Though Peter has returned to public school, M. said she thinks he needs at least another year of private education. She said his current supports mainly focus on his ADHD and educational supplements like text-to-speech.

“We can’t afford to send him to Redwood for two years,” she said. “But if we’re gonna have to send him, we want to send him in eighth grade, so they can sort of catch him up for high school.”

Beyond financial concerns, DeCristofaro said District 65 also offers other advantages. 

“You might be giving up some of the great science, social studies and other types of fine arts curriculums that we have here in District 65,” she said. “You might be giving up certain types of inclusive experiences.”

Coming change

As the district expands the number of teachers trained in evidence-based methods, Beardsley said teachers are also testing new materials in English classes to evaluate during next school year.

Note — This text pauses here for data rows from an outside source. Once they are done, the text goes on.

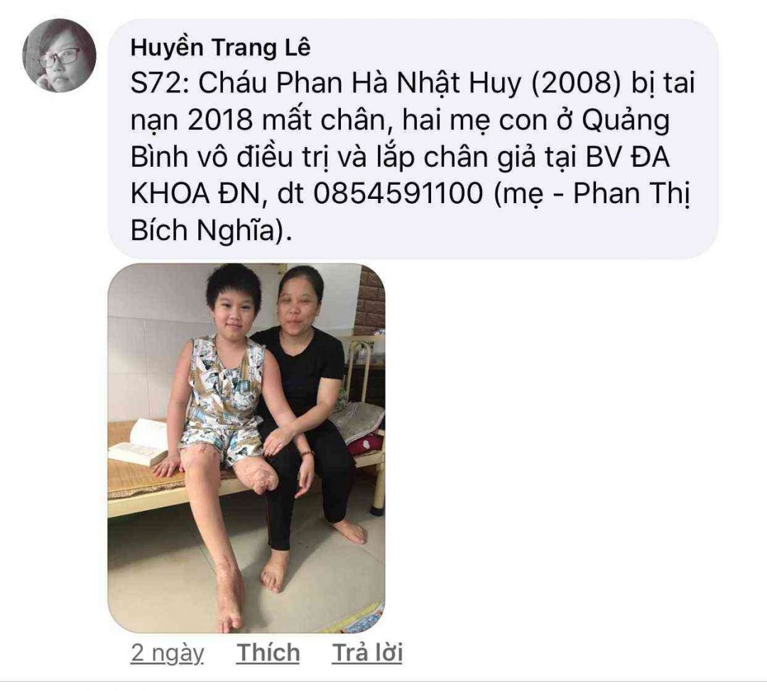 Số 72: Cháu Phan Hà Nhật Huy (2008) bị tai nạn 2018 mất chân, hai mẹ con ở Quảng Bình vô điều trị và lắp chân giả tại BV ĐA KHOA ĐN, dt 0854591100 (mẹ - Phan Thị Bích Nghĩa). Đang ở trọ tại 2/98 Quang trung, ĐN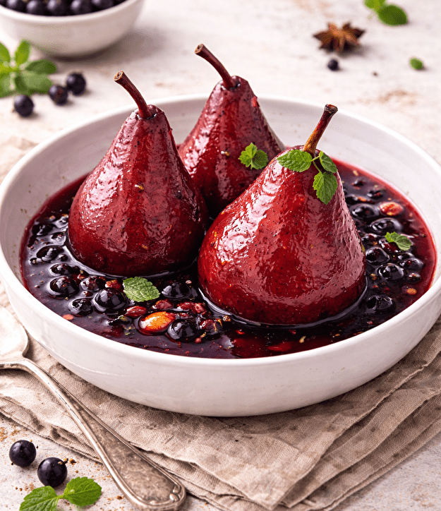 Délicates et parfumées, les poires au vin et cassis offrent une conclusion tout en élégance à un repas bourguignon.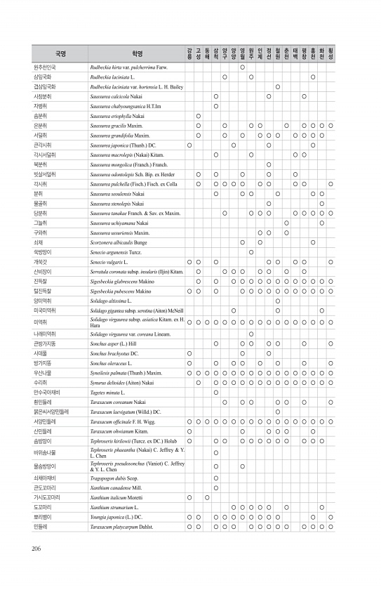 206 원추천인국 Rudbeckia hirta var. pulcherrima Farw. ○ 삼잎국화 Rudbeckia laciniata L. ○ ○ ○ 겹삼잎국화 Rudbeckia laciniata var. hortensia L. H. Bailey ○ 사창분취 Saussurea calcicola Nakai ○ ○ ○ 자병취 Saussurea chabyoungsanica H.T.Im ○ 솜분취 Saussurea eriophylla Nakai ○ 은분취 Saussurea gracilis Maxim. ○ ○ ○ ○ ○ ○ ○ ○ ○ 서덜취 Saussurea grandifolia Maxim. ○ ○ ○ ○ ○ ○ ○ ○ ○ ○ 큰각시취 Saussurea japonica Thunb. DC. ○ ○ ○ ○ 각시서덜취 ...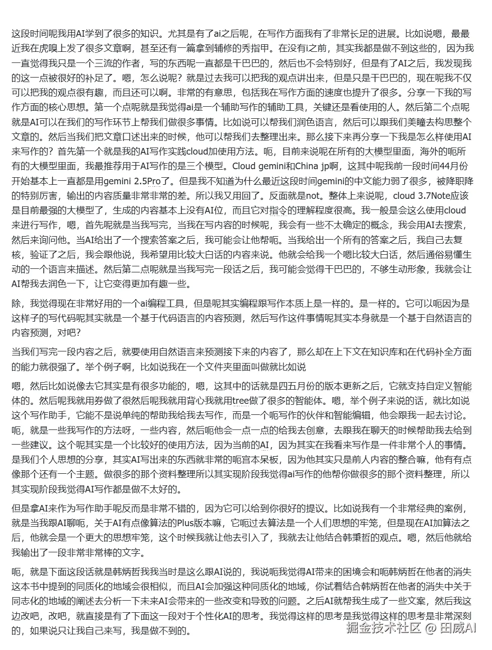 前面提到过现在写作一般都会先口述,让AI整理,最后再手搓。

Meanwhile, Papastratakos is working on advocacy from the outside. She began Dyslexia Connection of Evanston to help dyslexic kids meet each other and discuss their strengths.

She’s pushing for change, including through a lecture series on dyslexia and reading. However, Papastratakos said she won’t return her son to District 65 schools as long as she can afford to keep him in private school.

“I want him to go to a school where I feel confident that they will execute the program that we put in place,” she said. “I do not feel that way at the public school at District 65 at all.”